Linear arithmetic synthesis, or LA synthesis, is a means of sound synthesis invented by the Roland Corporation when they released their D-50 synthesizer in 1987.

Overview 

LA synthesis combines traditional subtractive synthesis with PCM-based samples.

The term linear arithmetic refers to synthesis that puts sounds together in a timeline. Typically a PCM transient begins a note, which is then continued with a subtractive synthesis prolongation. Roland did not use the term additive, as additive synthesis already refers to a different synthesis method.

This technology first appeared in 1987, in the Roland D-50 synthesizer. At the time, re-synthesizing samplers were very expensive, so Roland set out to produce a machine that would be easy to program, sound realistic, and still sound like a synthesizer. Also, Yamaha had previously gained world market lead with their DX7 FM synth, which excelled at metallic, percussive sounds—something that Roland's synths using subtractive synthesis were less good at.

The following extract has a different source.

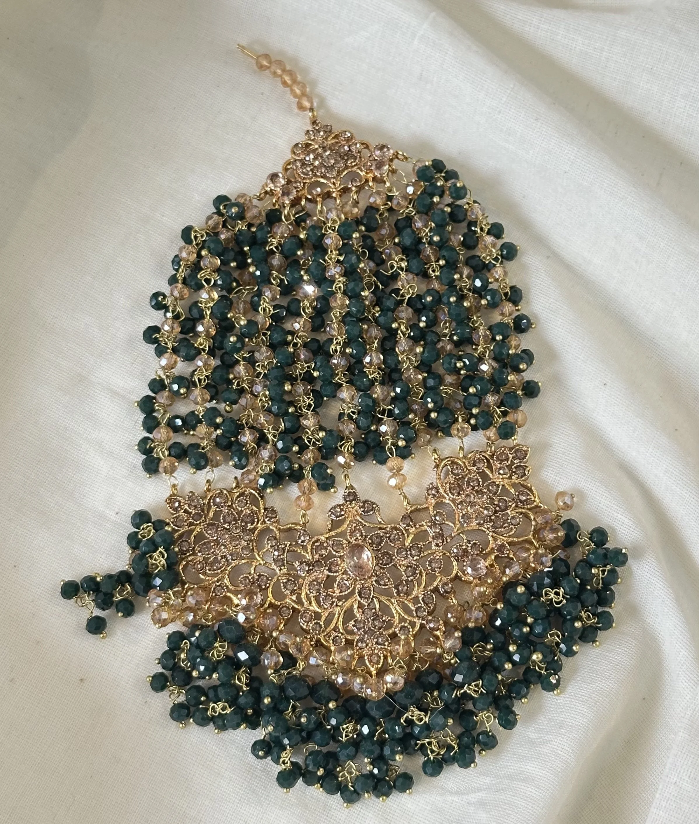 Maroon beaded jhoomar with crystal detailing

Roland understood that their subtractive synthesis method had to change.  One of the more complex parts of a sound to program is the attack transient, so Roland added a suite of sampled attack transients to subtractive synthesis. As well as the attack transients, Roland added a suite of single-cycle sampled waveforms that could be continuously looped. Sounds could now have three components: An attack, a body made from a subtractive synth sound (saw or pulse wave through a filter) and an "embellishment" of one of many looped samples. (The looped samples also contained a collection of totally synthetic waves derived from additive synthesis, as well as sequences of inharmonic wave cycles. Thus, LA synthesis offered the realistic sounds of a sampler with the control and creativity of a synthesizer.)

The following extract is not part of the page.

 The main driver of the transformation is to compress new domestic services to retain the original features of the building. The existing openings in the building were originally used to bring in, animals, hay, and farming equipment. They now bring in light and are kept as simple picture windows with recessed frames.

The PCM waveforms could be modified with a pitch envelope and a time-variant amplifier. Waveforms from the sound wave generators could be further modified with time-variant filters for cutoff frequency and resonance.  These modified waveforms were called "partials".

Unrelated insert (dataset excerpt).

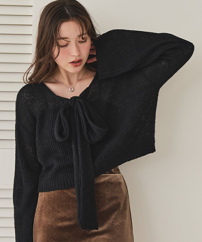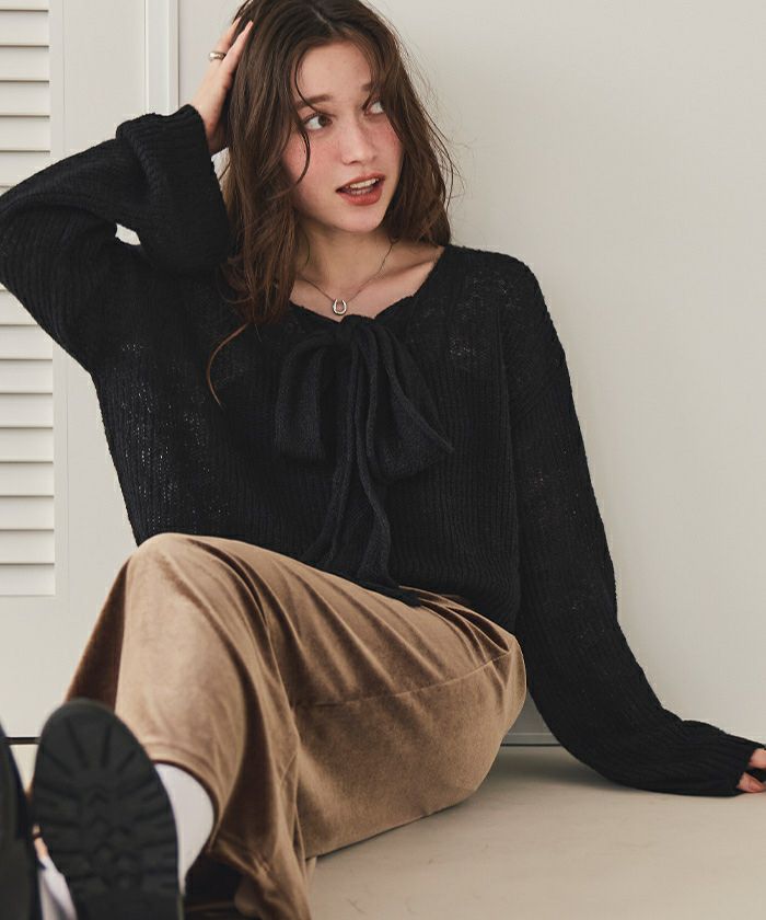 前後2wayリボンデザインシアーローゲージニット

Two partials grouped together created a tone. Tones could be modified using up to three low-frequency oscillators, a pitch envelope, a programmable equalizer, and on-board effects such as reverberation and chorus. Two tones grouped together created a patch.

Hardware
 Roland CM-32L
 Roland CM-32LN
 Roland CM-64
 Roland CM-500
 Roland D-05
 Roland D-10
 Roland D-110
 Roland D-20
 Roland D-50
 Roland D-550
 Roland E-10
 Roland E-15
 Roland E-20
 Roland E-30
 Roland LAPC-I
 Roland LAPC-N
 Roland MT-32
 Roland MT-100
 Roland RA-50

Similar concepts
Yamaha's SY77, its rack-mount equivalent TG77, and successor SY99 introduced Advanced Wave Memory 2 (AWM2), enabling playback and digital filtering of samples. Notably, these also let AWM2 samples be used as transients to Advanced FM (AFM) synth sounds, as looped oscillators in their own right, or even as modulators of AFM carriers. This, like LA, enabled more realistic modeling of physical instruments, and in combination with FM, new possibilities for synthesis. The SY99 seemed to be the last FM workstation by Yamaha, and the later FM synth FS1R did not feature AWM — so SY99 was seemingly the last synth in which AWM and FM could be combined. This was until the Montage in 2016, which combines a later version of AWM2 with FM-X (an offshoot of the FM engine from FS1R, without the latter's Formant Synthesis) - though without letting samples be used as modulators, as the 77/99 series did. In any case, AWM sampling on its own has become a mainstay of subsequent flagship Yamaha products, such as the Yamaha EX5, Motif, and Montage lines — which still use the umbrella term AWM2, though the engine's details have changed many times.

Casio has also developed a similar synthesis system known as Advanced and High Quality Large Waveform, better known as AHL, for use on their portable keyboard line.
Earlier Casio keyboard models instead use ZPI, a similar but more advanced system. AHL was originally a simplified version of the previous ZPI, in which both are mostly optimized for acoustic instrument samples.

Ensoniq with the SQ-80 called the same technique Cross Wave Synthesis. Kawai with the K4 called the same technique Digital Multi Spectrum.